This project focuses on migrating data into a PostgreSQL database using the psycopg2 and sqlite3 libraries. The primary goal is to seamlessly transfer data from SQLite to PostgreSQL, ensuring data integrity, avoiding duplicate records, and efficiently managing database schemas and operations.
This DDL file contains SQL commands necessary to construct the tables within the "content" schema in a PostgreSQL database. The schema includes tables for film works, genres, persons, and their relationships, structured with primary keys based on uuid. It includes:
Tables :
film_work
: Contains details of the film works like title, description, and ratings.genre
: Lists different genres.person
: Stores information about individuals involved in film works.person_film_work
: Relationships between persons and film works with specific roles.genre_film_work
: Relationships between genres and film works.
Indexes :
- Creation dates for film works.
- Unique indexes for film work-person-role combinations and film work-genre combinations to ensure data uniqueness and integrity.

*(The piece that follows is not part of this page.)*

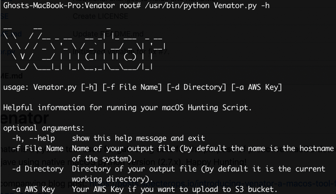 Venator 是一个用于主动检测并收集macOS数据的 python 工具,获得数据后供分析哪些是恶意活动,macOS几乎很少有类似的工具。使用原生 macOS python 版本(2.7. x)开发,支持 High Sierra 和 Mojave。

A Python script responsible for migrating data from SQLite to PostgreSQL. It uses data classes to structure the database models and manage data integrity and transaction safety.
Key Features:
- Utilizes data classes for clear and efficient data modeling.
- Data is batch-loaded in chunks to optimize performance and manage large datasets.

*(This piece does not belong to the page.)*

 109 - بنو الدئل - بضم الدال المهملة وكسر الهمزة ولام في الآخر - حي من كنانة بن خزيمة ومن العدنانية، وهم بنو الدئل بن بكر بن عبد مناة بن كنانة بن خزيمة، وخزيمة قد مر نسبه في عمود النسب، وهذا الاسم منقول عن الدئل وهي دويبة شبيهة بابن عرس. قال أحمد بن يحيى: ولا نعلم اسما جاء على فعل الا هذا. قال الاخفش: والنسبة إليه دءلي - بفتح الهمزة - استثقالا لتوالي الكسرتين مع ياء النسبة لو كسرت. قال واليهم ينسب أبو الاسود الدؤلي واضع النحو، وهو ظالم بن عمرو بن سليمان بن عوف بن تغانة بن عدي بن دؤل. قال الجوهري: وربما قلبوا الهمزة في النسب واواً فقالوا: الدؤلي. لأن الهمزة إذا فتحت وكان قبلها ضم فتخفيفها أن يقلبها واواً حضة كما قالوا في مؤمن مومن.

- Implements checks to prevent duplicate entries on re-runs.
- Includes error handling for both read and write operations to ensure robustness.
- Accompanied by unit tests to verify the functionalities.
Data Classes:
Genre
,Person
,Filmwork
,GenreFilmwork
,PersonFilmwork
: These classes model the database tables and include fields like ids (uuid), creation, and modification timestamps.
Database Operations:
- Data is transferred from SQLite using batch operations to manage memory and connection resources efficiently.
- PostgreSQL transactions are managed through context managers to ensure data consistency and handle errors gracefully.
- Includes a method to adapt SQLite data keys to PostgreSQL columns during the migration process.
Logging:
- Configured to log detailed operational information which assists in monitoring the script’s execution and troubleshooting.
To use this script, ensure that PostgreSQL and SQLite databases are correctly set up and accessible. Adjust the environment variables as necessary to match your database credentials and paths.
python load_data.py
This command initiates the migration process, reading from the SQLite database and writing to the PostgreSQL database, leveraging the structured data classes and handling all operations safely and efficiently.
This project provides a robust solution for migrating data between different database systems, ensuring data integrity, performance, and ease of use with detailed logging and error handling.